(EXTRACTED RECORDS)
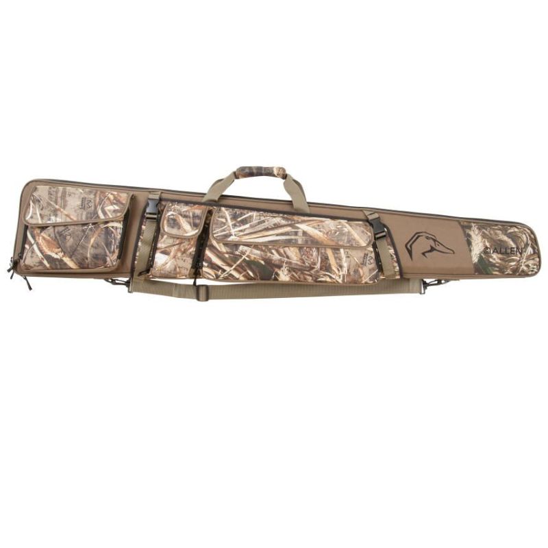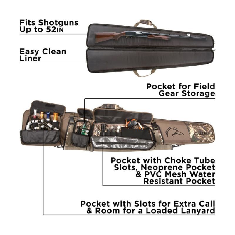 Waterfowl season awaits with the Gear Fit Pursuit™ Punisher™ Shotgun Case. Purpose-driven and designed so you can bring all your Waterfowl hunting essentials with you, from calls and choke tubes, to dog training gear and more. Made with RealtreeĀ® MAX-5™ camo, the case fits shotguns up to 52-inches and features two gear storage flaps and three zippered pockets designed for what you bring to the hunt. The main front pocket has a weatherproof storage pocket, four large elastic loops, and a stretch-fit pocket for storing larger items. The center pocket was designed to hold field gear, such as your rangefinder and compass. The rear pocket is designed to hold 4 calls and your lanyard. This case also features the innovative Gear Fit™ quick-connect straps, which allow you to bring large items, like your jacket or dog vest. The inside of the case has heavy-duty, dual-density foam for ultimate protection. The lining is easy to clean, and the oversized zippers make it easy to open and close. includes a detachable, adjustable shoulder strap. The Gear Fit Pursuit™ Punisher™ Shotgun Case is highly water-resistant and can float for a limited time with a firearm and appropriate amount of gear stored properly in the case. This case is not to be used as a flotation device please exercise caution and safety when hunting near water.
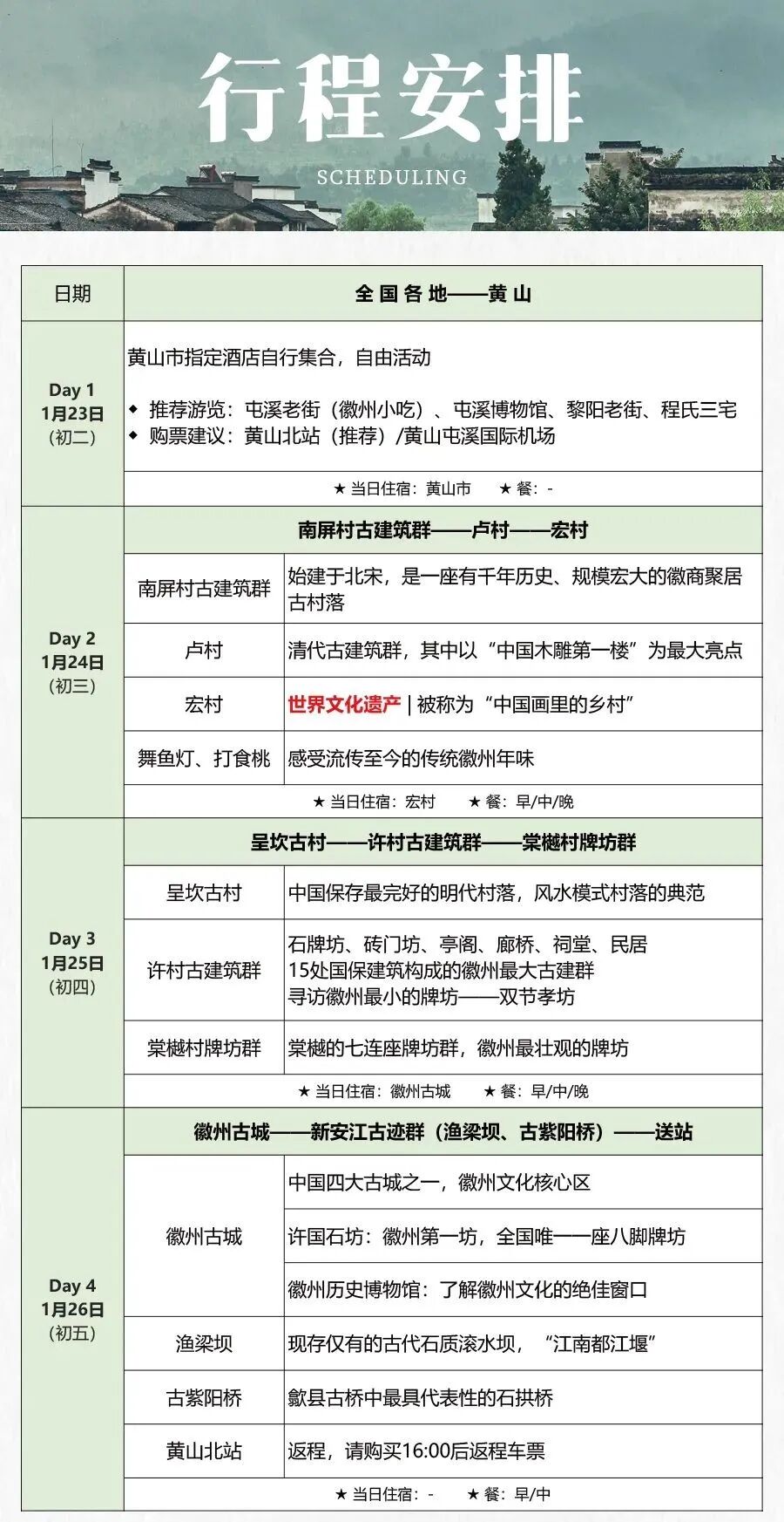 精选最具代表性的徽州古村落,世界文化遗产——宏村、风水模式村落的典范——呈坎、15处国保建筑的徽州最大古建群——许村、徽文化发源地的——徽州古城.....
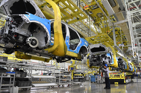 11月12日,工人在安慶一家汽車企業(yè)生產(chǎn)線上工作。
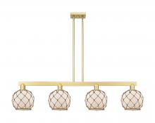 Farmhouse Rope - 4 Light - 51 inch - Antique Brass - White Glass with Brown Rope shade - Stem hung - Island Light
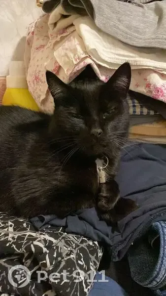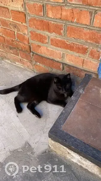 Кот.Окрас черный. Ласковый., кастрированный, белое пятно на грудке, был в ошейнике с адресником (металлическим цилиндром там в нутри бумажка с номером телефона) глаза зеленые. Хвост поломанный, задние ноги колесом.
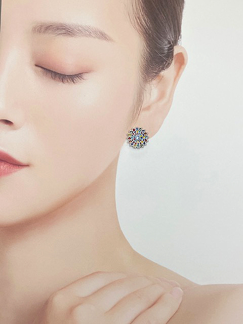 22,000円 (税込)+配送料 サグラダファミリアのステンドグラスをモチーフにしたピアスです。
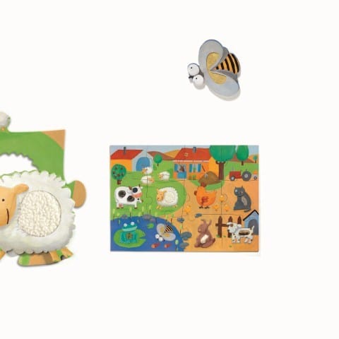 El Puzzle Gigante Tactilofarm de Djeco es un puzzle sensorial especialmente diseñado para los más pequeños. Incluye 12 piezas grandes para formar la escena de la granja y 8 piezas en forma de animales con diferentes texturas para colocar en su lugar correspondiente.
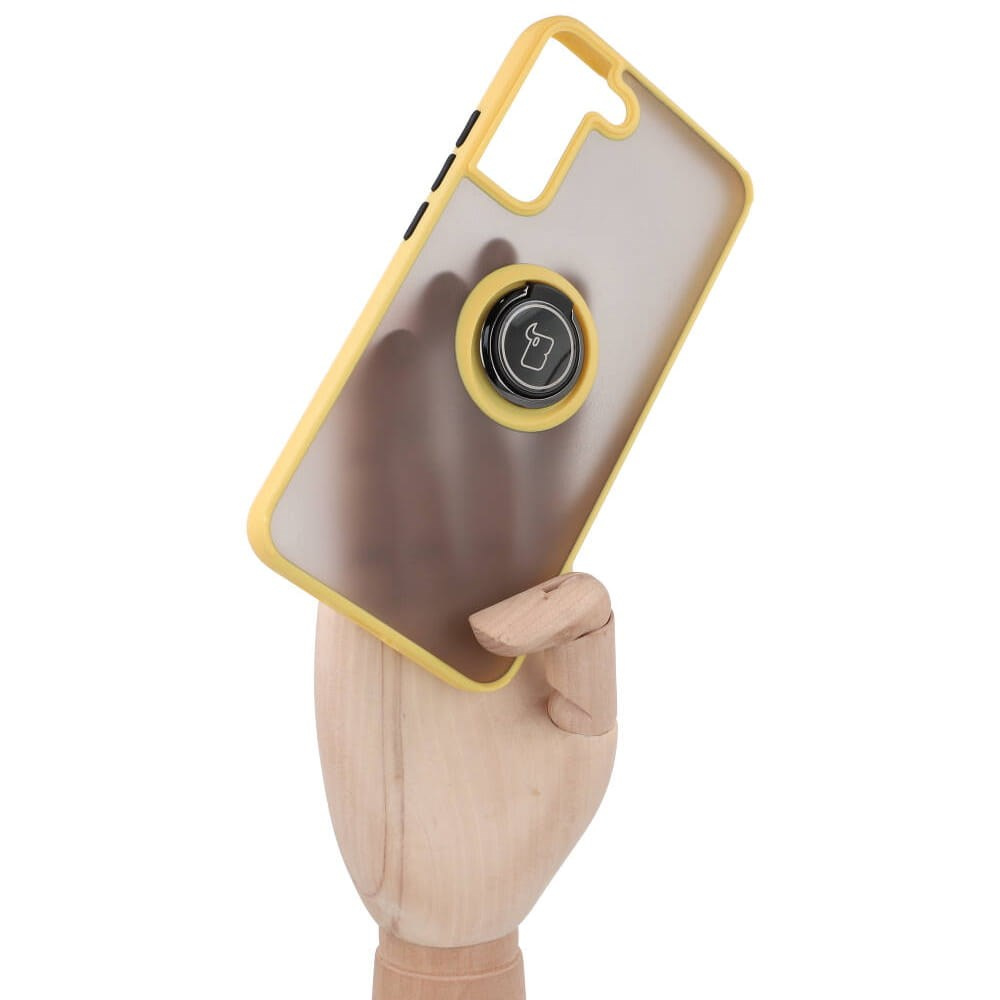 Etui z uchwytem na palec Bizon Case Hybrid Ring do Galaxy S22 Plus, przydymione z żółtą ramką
(End EXTRACTED RECORDS)
(EXTRACTED RECORDS)
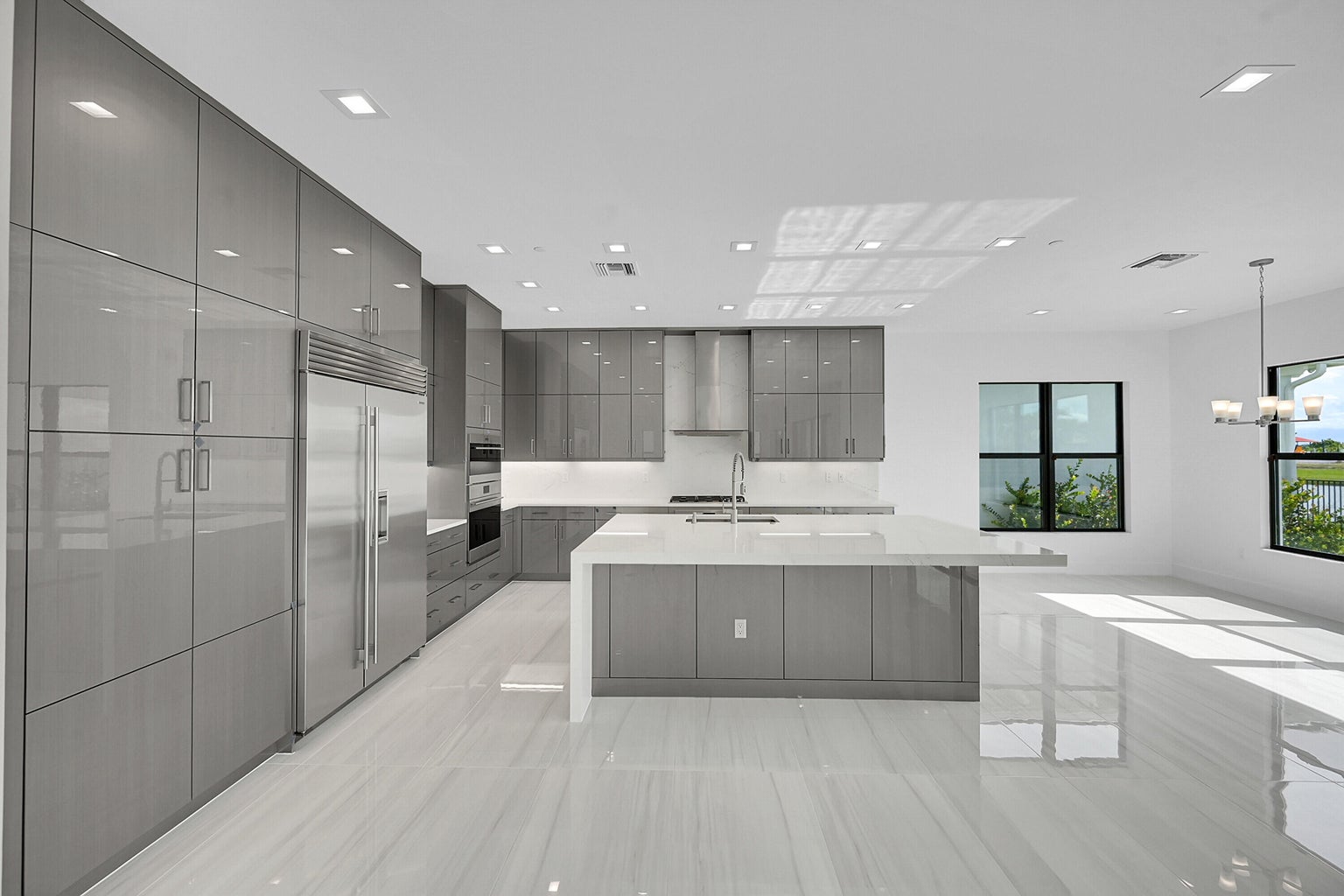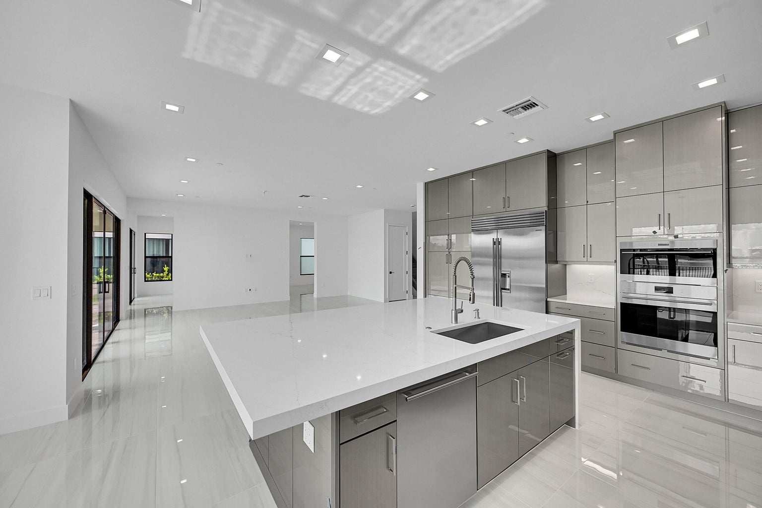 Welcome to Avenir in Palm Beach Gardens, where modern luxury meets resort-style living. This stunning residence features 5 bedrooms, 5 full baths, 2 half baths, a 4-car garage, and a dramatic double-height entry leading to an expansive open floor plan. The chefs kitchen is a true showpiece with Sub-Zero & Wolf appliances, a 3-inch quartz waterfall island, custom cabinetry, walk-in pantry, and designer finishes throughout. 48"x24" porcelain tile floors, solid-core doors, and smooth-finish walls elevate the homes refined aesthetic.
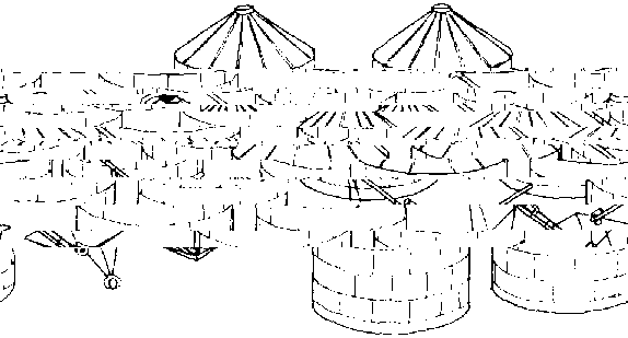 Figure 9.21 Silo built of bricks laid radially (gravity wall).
(End EXTRACTED RECORDS)
Drop the pictures; return the lines above from the line containing "Кот.Окрас черный. Ласковый., кастрированный, белое" to the line containing "Etui z uchwytem", both included, exactly.

 Кот.Окрас черный. Ласковый., кастрированный, белое пятно на грудке, был в ошейнике с адресником (металлическим цилиндром там в нутри бумажка с номером телефона) глаза зеленые. Хвост поломанный, задние ноги колесом.
 22,000円 (税込)+配送料 サグラダファミリアのステンドグラスをモチーフにしたピアスです。
 El Puzzle Gigante Tactilofarm de Djeco es un puzzle sensorial especialmente diseñado para los más pequeños. Incluye 12 piezas grandes para formar la escena de la granja y 8 piezas en forma de animales con diferentes texturas para colocar en su lugar correspondiente.
 Etui z uchwytem na palec Bizon Case Hybrid Ring do Galaxy S22 Plus, przydymione z żółtą ramką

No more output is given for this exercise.